Backend — Task Dispatch
ENGINE_MAP (tasks/service.py)
ENGINE_MAP: dict[str, str] = {
"whisper": "LOCAL_WHISPER",
"google": "GOOGLE_SPEECH_CLOUD",
"salutespeech": "SALUTE_SPEECH",
}
Task Schema (tasks/schemas.py)
engine: Literal["whisper", "google", "salutespeech"] = "whisper"
Actor Dispatch
New elif branch in transcription_generate_actor after the Google branch:
elif engine == "salutespeech":
document = _run_async(
transcribe_with_salute_speech(
storage,
file_key=file_key,
language=language,
model=model,
job_id=job_uuid,
on_progress=_on_whisper_progress,
)
)
Direct Endpoint (optional, for testing)
# transcription/router.py
@router.post("/salute-speech/", response_model=Document)
Frontend Changes
TranscriptionModal.tsx & TranscriptionSettingsStep.tsx
Both files get identical changes (constants are duplicated in both):
Engine options:
const ENGINE_OPTIONS = [
{ value: "whisper", label: "Whisper (локальный)" },
{ value: "google", label: "Google Speech" },
{ value: "salutespeech", label: "SaluteSpeech" },
]
Type:
engine: "whisper" | "google" | "salutespeech"
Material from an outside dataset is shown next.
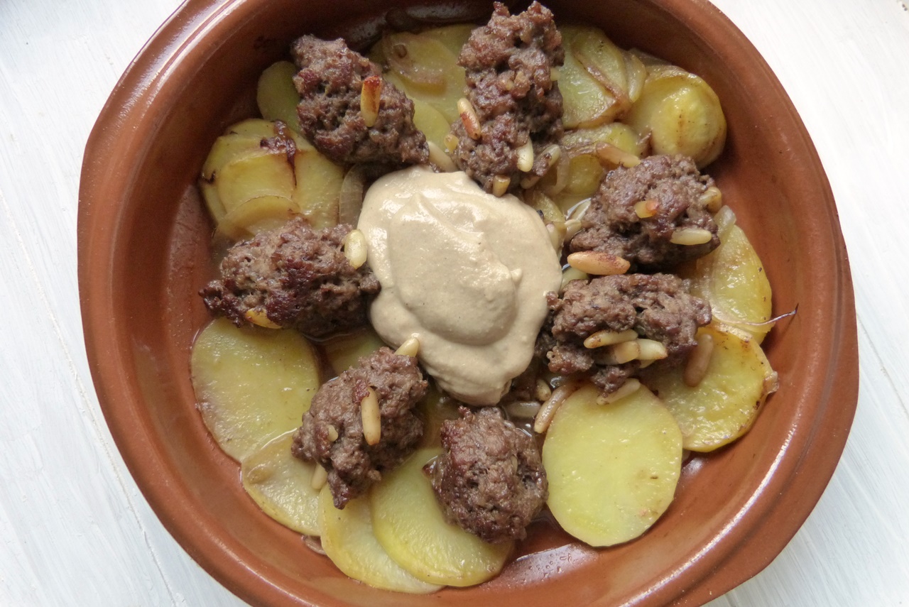 Wenn das Wort „Tahin“ in einem Rezeptitel vorkommt, werde ich hellhörig; so auch beim Kebap Tahini. Das sind Hackfleischnocken mit Pinienkernen, serviert auf Kartoffeln mit einer Sauce aus Tahin, Zitrone und Joghurt. Einfach und gut.

Model options — split by engine:
const WHISPER_MODEL_OPTIONS = [
{ value: "base", label: "Base" },
{ value: "small", label: "Small" },
{ value: "medium", label: "Medium" },
{ value: "large", label: "Large" },
]
const SALUTE_MODEL_OPTIONS = [
{ value: "general", label: "Общая" },
{ value: "finance", label: "Финансы" },
{ value: "medicine", label: "Медицина" },
]
Conditional model dropdown:
{(engine === "whisper" || engine === "salutespeech") && (
<Select
options={engine === "whisper" ? WHISPER_MODEL_OPTIONS : SALUTE_MODEL_OPTIONS}
/>
)}
Model reset on engine change — useEffect on engine field, reset model to "base" (whisper) or "general" (salutespeech).
Language options — no changes. Existing auto / ru / en covers both SaluteSpeech languages. Mapping ("ru" → "ru-RU") happens in backend.
Files Changed
Backend (8 files)
| File | Change |
|---|---|
infrastructure/settings.py |
Add 3 SaluteSpeech settings fields |
transcription/schemas.py |
Add SaluteSpeech schema types, extend engine enum |
transcription/service.py |
Add ~8 functions for SaluteSpeech flow |
transcription/router.py |
Add optional /salute-speech/ direct endpoint |
tasks/schemas.py |
Extend engine Literal to include "salutespeech" |
tasks/service.py |
Add ENGINE_MAP entry + elif dispatch branch |
.certs/russian_trusted_root_ca.pem |
New file — bundled Russian CA cert |
.env |
Add SALUTE_AUTH_KEY, SALUTE_CA_CERT_PATH |
Frontend (2 files)
| File | Change |
|---|---|
TranscriptionModal.tsx |
Add engine option, split model options, engine change effect |
TranscriptionSettingsStep.tsx |
Same changes (duplicated constants) |
Error Handling
- Auth failure (401/403) →
ERROR_SALUTE_AUTH_FAILEDwith detail, job fails - Upload failure (4xx/5xx) →
ERROR_SALUTE_UPLOAD_FAILED, job fails - Task error (status=ERROR) →
ERROR_SALUTE_TASK_FAILED, job fails - Poll timeout (>600s) →
ERROR_SALUTE_TIMEOUT, job fails - Job cancelled →
JobCancelledErrorraised during poll loop, actor exits cleanly - Partial failure (upload ok, task creation fails) → no cleanup needed, uploaded files expire after 72h
No retry logic for 4xx errors. Connect/timeout errors bubble up to Dramatiq (max_retries=0).
Not In Scope
- Speaker diarization (available in API but not exposed)
- Profanity filter (available but not exposed)
- Hint words (available but not exposed)
- Emotion detection (available but not exposed)
- Sync recognition mode (only async implemented)
- Additional languages beyond ru/en (kk-KZ, ky-KG, uz-UZ require special arrangement with Sber)
These can be added later by extending SaluteSpeechParams and the task creation options.